**YOUR GOAL:** When you return the data, keep every line exactly as it is and leave out the pictures.

**DATASET EXTRACT:**
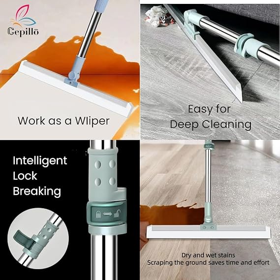 CEPILLO Multifunctional Magic Broom Sweeper | Detachable Indoor Cleaning Broom | Silicone Floor Squeegee Broom with Extended Handle | 180-Degree Rotatable Wiper (2 in 1)
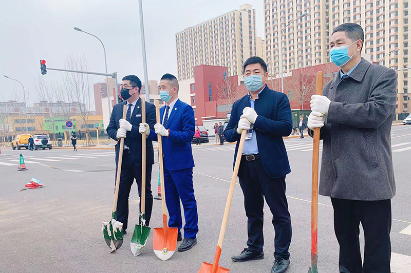 在康潤家園東區(qū)鑫立路植樹現(xiàn)場,全員干部齊心協(xié)力,每道工序都做得有條不紊,揮鍬鏟土、扶苗填坑、提水澆灌... 大家分工協(xié)作,配合默契。
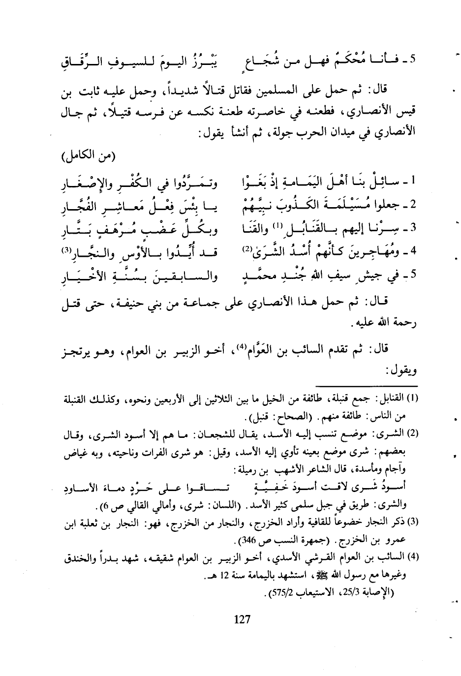قَالَ: ثُمَّ تَقَدَّمَ السَّائِبُ بْنُ الْعَوَّامِ [4] ، أَخُو الزُّبَيْرِ بْنِ الْعَوَّامِ، وهو يرتجز ويقول:
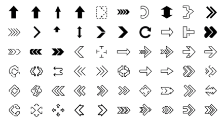 A diverse collection of black and white arrow icons and symbols for graphic design.

**TASK RESULT:**
 CEPILLO Multifunctional Magic Broom Sweeper | Detachable Indoor Cleaning Broom | Silicone Floor Squeegee Broom with Extended Handle | 180-Degree Rotatable Wiper (2 in 1)
 在康潤家園東區(qū)鑫立路植樹現(xiàn)場,全員干部齊心協(xié)力,每道工序都做得有條不紊,揮鍬鏟土、扶苗填坑、提水澆灌... 大家分工協(xié)作,配合默契。
قَالَ: ثُمَّ تَقَدَّمَ السَّائِبُ بْنُ الْعَوَّامِ [4] ، أَخُو الزُّبَيْرِ بْنِ الْعَوَّامِ، وهو يرتجز ويقول:
 A diverse collection of black and white arrow icons and symbols for graphic design.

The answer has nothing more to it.